Moves are read and converted to move class. The data from FICS that is in PNG format are used since all the moves are from professional’s we consider them optimal. The position for each move is recorded for the good player.

  • For Machine Learning using reinforcement learning

In this mythology we just make an agent which plays the game, we let the agent know the rules and start training the agent, but the training here is not done with any types of data rather it is trained through playing with himself or some human player.

Here the model takes time to train the model because it starts from scratch. He gets fined if the moves if it loses at last, but if we continue training like this then it would just be able to reach the human level, so it may be trapped under the best moves and never try for the new moves that can be a better option. To solve this situation and extra randomness parameter to it, at the starting when the training is going, he should try different moves and thus the weight associated with it must be at a higher value.
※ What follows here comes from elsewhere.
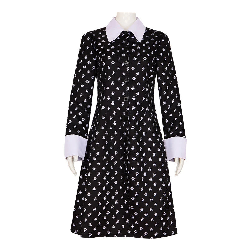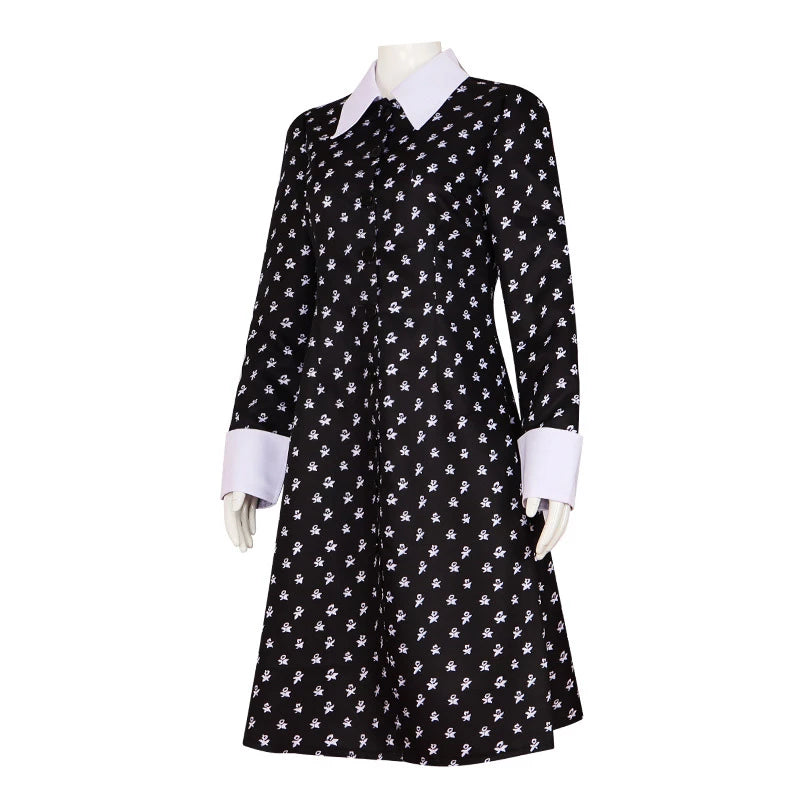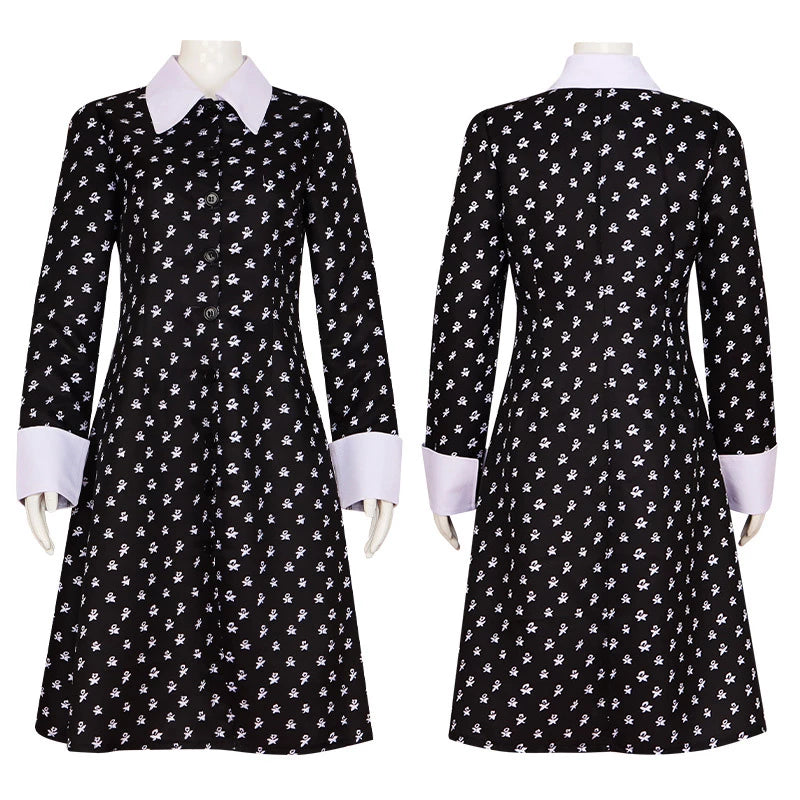 Traje cosplay de quarta-feira para crianças de Halloween, roupa de vestido de cosplay de mulher e menina Addams, roupas vintage pretas góticas estampadas vandinha

After some training when the most probable move is on urge then also there should always be some randomness in moves of the agent. We know to see a vast improvement in the agent gameplay. So, on a very basic level, we followed

  • Self-play
  • Retraining the Neural Network
  • Evaluating the Neural Network Conclusion

The modern Residual_CNN was used to create a neural network architecture, which defines how to build an instance of the neural network. It uses a condensed version of the neural network architecture in the AlphaGoZero paper — i.e. a convolutional layer, followed by many residual layers, then splitting into a value and policy head.

Implementation:
A Neural Network for chess and shogi implemented in python using chess lib, and this can be similarly used for shogi.
import numpy as np # linear algebra
import pandas as pd # data processing, CSV file I/O (e.g. pd.read_csv)
import os
import inspect
import chess
from chess.pgn import Game
import RLC
from RLC.capture_chess.environment import Board
from RLC.capture_chess.learn import Q_learning
from RLC.capture_chess.agent import Agent

board = Board()
board.board

board.layer_board[0,::-1,:].astype(int)

board = Board()
agent = Agent(network=’conv’,gamma=0.1,lr=0.07)
R = Q_learning(agent,board)
R.agent.fix_model()
R.agent.model.summary()

def network_update(self, minibatch):
“””
Update the Q-network using samples from the minibatch
Args:
minibatch: list
The minibatch contains the states, moves, rewards and new states.
Returns:
td_errors: np.array
array of temporal difference errors
“””

    # Prepare separate lists
    states, moves, rewards, new_states = [], [], [], []
    td_errors = []
    episode_ends = []
    for sample in minibatch:
        states.append(sample[0])
        moves.append(sample[1])
        rewards.append(sample[2])
        new_states.append(sample[3])

        # Episode end detection
        if np.array_equal(sample[3], sample[3] * 0):
            episode_ends.append(0)
        else:
            episode_ends.append(1)

    # The Q target
    q_target = np.array(rewards) + np.array(episode_ends) * self.gamma * np.max(
        self.fixed_model.predict(np.stack(new_states, axis=0)), axis=1)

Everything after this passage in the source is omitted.